What I did not have was a backup.

When I sat down to fix that, the obvious “just rsync everything” plan turned out to be wrong in interesting ways. This is what I built instead, and the trade-offs that drove each decision.

What “backup” actually means

The first useful question wasn’t “how do I back this up” but “what’s actually irreplaceable?” The answer split cleanly into three buckets:

Bucket	Examples	Backed up?
Irreplaceable (~10 GB)	Stack configs, `.env` secrets, every database, app state	Yes — daily
Regenerable from a source of truth (~50 GB)	Frigate camera recordings, Ollama model files, Tdarr transcode cache, ML model weights	No — re-derivable
Bulk media (~8 TB)	Movies, TV, music, photos	No — separate strategy

This is the most important architectural call: bulk media is out of scope. Storing it off-site at scale is expensive, and the download pipeline is itself the source of truth — Sonarr and Radarr know how to refetch anything that goes missing, given their config DBs (which are in the backup). Photos in Immich are the partial exception; they get a separate local-RAID strategy that I’ll write up another time.

Cutting media out shrank the daily backup target by three orders of magnitude. That changed every other decision downstream.

Architecture in three phases

The whole system is one shell script invoked once a day by cron. It does three things in order:

Dump every database into a 0700 staging directory.
Snapshot a curated set of paths — staging plus selected bind mounts — to an encrypted restic repository on Backblaze B2.
Prune older snapshots once a week according to a retention policy.

Total runtime is around 2 minutes. The daily delta is a few hundred KB to a few MB, depending on how much database churn there’s been.

The interesting part: heterogeneous database dumps

This is where most “just rsync the data dir” backup plans go wrong. Copying live database files while the engine is writing to them produces corrupt copies — sometimes silently. Different engines need different tricks:

Engine	Cases	Approach
Postgres (multi-DB cluster)	Local cluster with 11 user databases	`pg_dumpall` via `docker exec` (single-DB `pg_dump` would silently lose 10 of them)
Postgres (single-DB)	One application database with extensions	`pg_dump --clean --if-exists`
Postgres (managed/remote)	Provider-managed instance	Throwaway client container (`docker run --rm postgres:17 pg_dump`) — the image must match or exceed the server major version
MariaDB	Single-server multi-DB	`mariadb-dump --single-transaction` (online, lock-free for InnoDB)
Redis	Bind-mount data dir	`BGSAVE` + poll `LASTSAVE` until the new RDB is on disk; tar it from inside the container to sidestep host UID issues
Redis	Anonymous Docker volume	Same `BGSAVE` dance, then stream the RDB out via `docker exec cat`
SQLite	Apps that hold the file open	Python’s stdlib `sqlite3.Connection.backup()` — the only online-safe SQLite copy method
App-native	Sonarr / Radarr / Prowlarr	Trigger their built-in backup via REST API (`POST /api/v3/command {"name":"Backup"}`), then ship the resulting zip — gives you `config.xml` for free
Distroless container	Grafana, Portainer	Brief `docker stop` → `docker cp` → `docker start`. ~3-second downtime is acceptable for tools used by one person

The orchestrator runs every dump as a separate stage and is fail-soft: one broken container does not abort the whole night.

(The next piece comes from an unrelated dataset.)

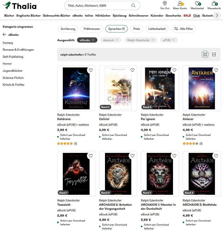 Meine Ebooks bei Thalia, Hugendubel u.a.

Failures are logged, surfaced via a Healthchecks.io ping, and visible in the Prometheus textfile collector. Restic itself is fail-fast — if the upload errors, the run errors.

Why restic over the alternatives

I considered four families:

Plain rsync + pg_dump scripts. Simplest, no new tools. No encryption, no deduplication, no snapshots. Fine if you only need yesterday’s data and storage is local.
Borg. Similar feature set to restic. Better local performance, weaker cloud-storage support.
Duplicati / Kopia. Web UI for browsing and restoring. Duplicati has had real reliability issues historically; Kopia is solid but newer.
restic. Single Go binary, encrypted by default with AES-256, content-addressable storage gives transparent deduplication, native backends for B2/S3/Azure/GCS/SFTP, mountable snapshots via FUSE.

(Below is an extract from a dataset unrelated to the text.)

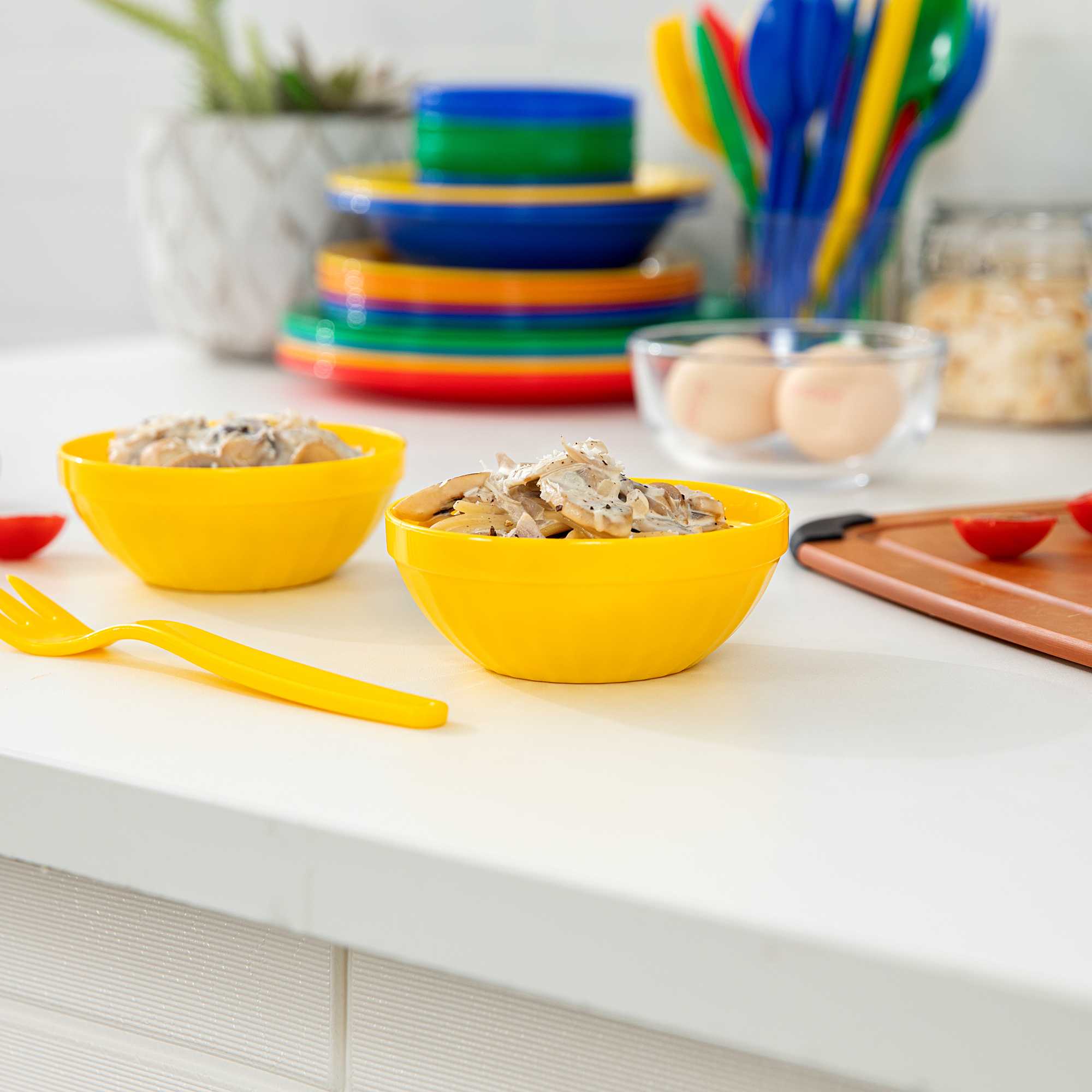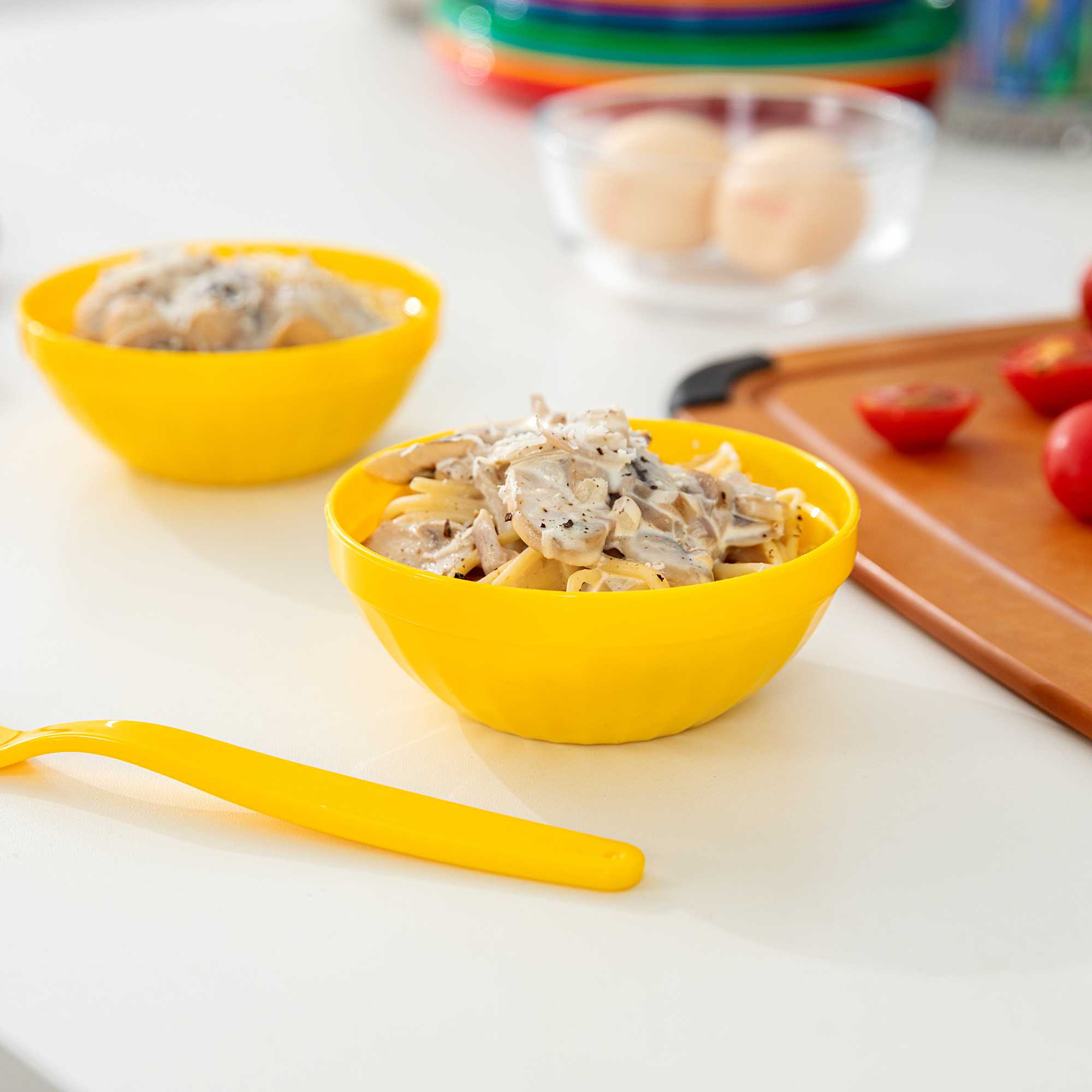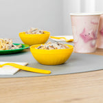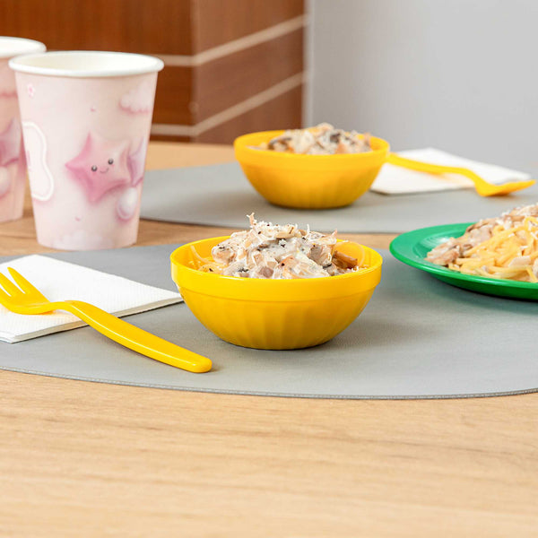Brighten up children’s meals with cheerful, durable tableware. The RW Kids Shatterproof Plastic Bowl is constructed from resilient plastic, ensuring it withstands daily use in bustling foodservice settings. With its virtually unbreakable design, this yellow plastic bowl guarantees safety in schools and daycare centers, making it a dependable choice for institutional dining. Its 7-ounce capacity provides an ideal portion size for kids' meals, minimizing food waste while the stackable feature saves valuable kitchen space. Plus, these bowls are microwave-safe, simplifying reheating tasks in busy kitchens. The vibrant yellow color not only enhances the dining experience for children but also perfectly complements family-friendly restaurant settings. Facilitate independence and ease of use with this kids serving bowl that is lightweight and easy to handle. Sold in a 10 count box.

Restic won on operational simplicity. One binary, one repo, one config file. The whole thing is a few-hundred-line shell script and never a moving target — which is exactly what I want from infrastructure I touch four times a year.

Storage cost: under the free tier

After deduplication and compression, the working set is about 2 GB. Backblaze B2’s first 10 GB are free indefinitely, and egress is free up to 3× your stored size per month — which means a full disaster restore is also free. Even if the repo grew to 30 GB I’d be paying about $0.12/month.

This is what made the “configs only” scope so attractive: the 8 TB of media that I left out of scope would have cost real money to mirror; the 10 GB that’s actually irreplaceable costs nothing.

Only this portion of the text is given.